Recall that a spectrogram is a two-dimensional tensor of shape (frequencies, sequence length). In the chapter on audio data we plotted these spectrograms as images. Guess what? We can literally treat the spectrogram as an image and pass it into a regular CNN classifier model such as ResNet and get very good predictions. Even better, we can use a image transformer model such as ViT.

This is what Audio Spectrogram Transformer does. It uses the ViT or Vision Transformer model, and passes it spectrograms as input instead of regular images. Thanks to the transformer’s self-attention layers, the model is better able to capture global context than a CNN is.

Just like ViT, the AST model splits the audio spectrogram into a sequence of partially overlapping image patches of 16×16 pixels. This sequence of patches is then projected into a sequence of embeddings, and these are given to the transformer encoder as input as usual. AST is an encoder-only transformer model and so the output is a sequence of hidden-states, one for each 16×16 input patch. On top of this is a simple classification layer with sigmoid activation to map the hidden-states to classification probabilities.

### Any transformer can be a classifier
In a previous section you’ve seen that CTC is an efficient technique for performing automatic speech recognition using an encoder-only transformer. Such CTC models already are classifiers, predicting probabilities for class labels from a tokenizer vocabulary. We can take a CTC model and turn it into a general-purpose audio classifier by changing the labels and training it with a regular cross-entropy loss function instead of the special CTC loss.
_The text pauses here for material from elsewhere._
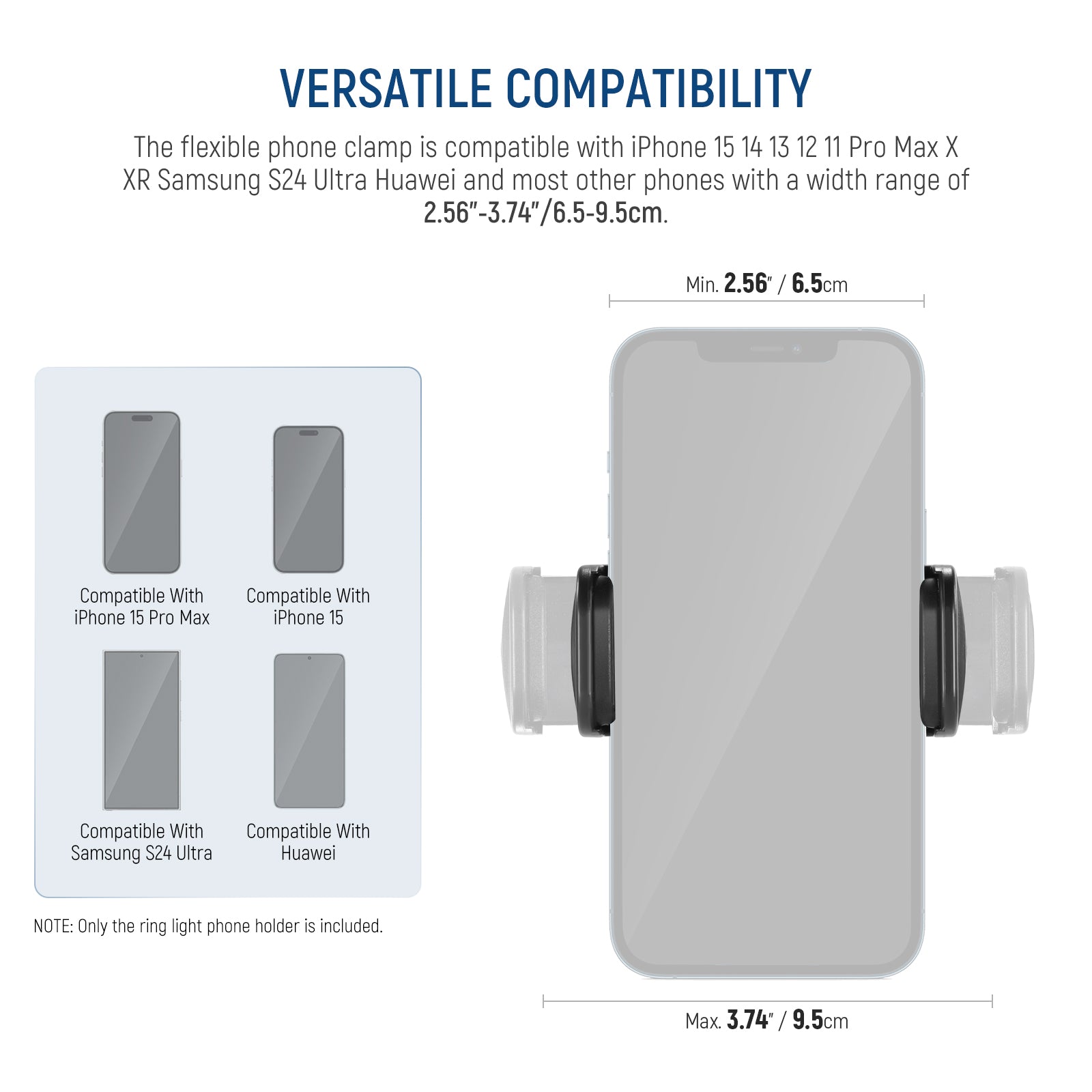 - Versatile Compatibility- NEEWER SP-09 phone holder for ring lights (compatible with NEEWER RP19C RP19H SRP18-2.4G RL45B ring lights) works for all cellphones with a width between 2.56"-3.74"/6.5-9.5cm, suitable for mainstream brands and models such as iPhone 15 14 13 12 11 Pro Max X XR Samsung S24 Ultra Huawei

For example, HF Transformers has a Wav2Vec2ForCTC model but also Wav2Vec2ForSequenceClassification and Wav2Vec2ForAudioFrameClassification. The only differences between the architectures of these models is the size of the classification layer and the loss function used.

In fact, any encoder-only audio transformer model can be turned into an audio classifier by adding a classification layer on top of the sequence of hidden states. (Classifiers usually don’t need a transformer decoder.)

To predict a single classification score for the entire sequence (Wav2Vec2ForSequenceClassification), the model takes the mean over the hidden-states and feeds that into the classification layer. The output is a single probability distribution.

To make a separate classification for each audio frame (Wav2Vec2ForAudioFrameClassification), the classifier is run on the sequence of hidden-states, and so the output of the classifier is a sequence too.